- 1964-04-21 — The existing National Spiritual Assembly of North West Africa that had been formed in 1956 was split into two regions, the "new" North West Africa region and the Spiritual Assembly of West Africa with its seat in Monrovia.
This latter assembly, Spiritual Assembly of West Africa, Ivory Coast; Mali, and Upper Volta, had jurisdiction over the following countries: Liberia, Sierra Leone, Guinea, Gambia, Senegal, Portuguese Guinea, and Cape Verde Islands. [BW14p96; BN No 393 Dec 1964 p2 ]
- 1971-00-00 — The first three people to become Bahá'ís in Guinea enrolled. [BINS45]

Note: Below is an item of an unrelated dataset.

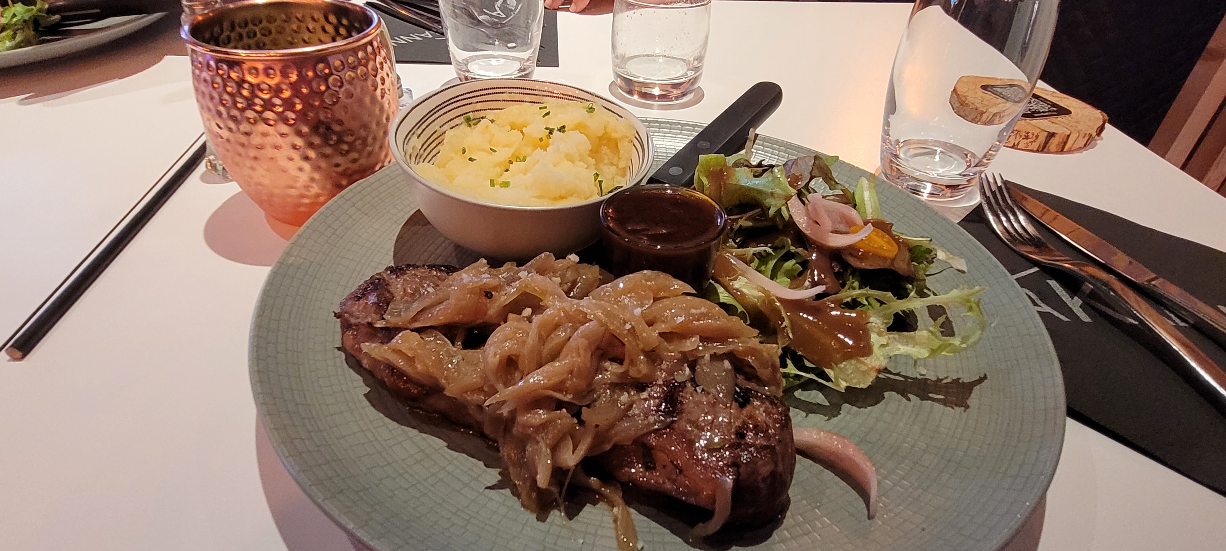 Cela faisait un moment que je n’étais pas retourné à La Kabann. C’est en regardant par hasard leur site que j’ai remarqué la nouvelle carte (qui est là depuis 6 mois !) qui désormais ne propose plus de pizzas. Et c’est à mon sens une bonne chose… car du coup il y a plus de choix en plats, burgers et salades. Un recentrage gagnant avec des plats de qualité qui proposent des ingrédients frais et savoureux (entrecôte de 300g et bowl asiatique sur les photos). Carte des vins bien fournie avec des prix corrects (entre 20€ et 30€ la bouteille) et grand choix de cocktails avec et sans alcool. Le personnel est toujours disponible et sympathique et réactif. Point important : nous y sommes allés un jeudi soir (salle très peu remplie) et un samedi soir (salle quasi pleine) et nous n’avons pas eu de problèmes de longueur dans le service dans les 2 cas… donc bonne gestion des tables même en cas d’affluence. Très bonne soirée au final dans un cadre sympathique et bien décoré.

- 1975-01-01 — Shidan and Susan Kouchekzadeh, an Iranian-British couple pioneering in Sierra Leone, arrived in Conakry, the first Bahá'ís to settle in Guinea.
- 1975-04-21 — By this time the Bahá'í communities of Liberia and Guinea had developed sufficiently to merit their own Regional Spiritual Assembly. Previously they had been administrated by the National Spiritual Assembly of West Africa which had been formed in 1964 and re-formed in 1970. This new administrative unit, the National Spiritual Assembly of Liberia and Guinea, operated until 1982 when they each formed an independent national assembly. [BW98-99p54-55]
- 1980-00-01 — The first local spiritual assemblies in Guinea were formed.
- 1990-12-00 — The first week-long residential Bahá'í study school of Guinea was held in Guéckédou.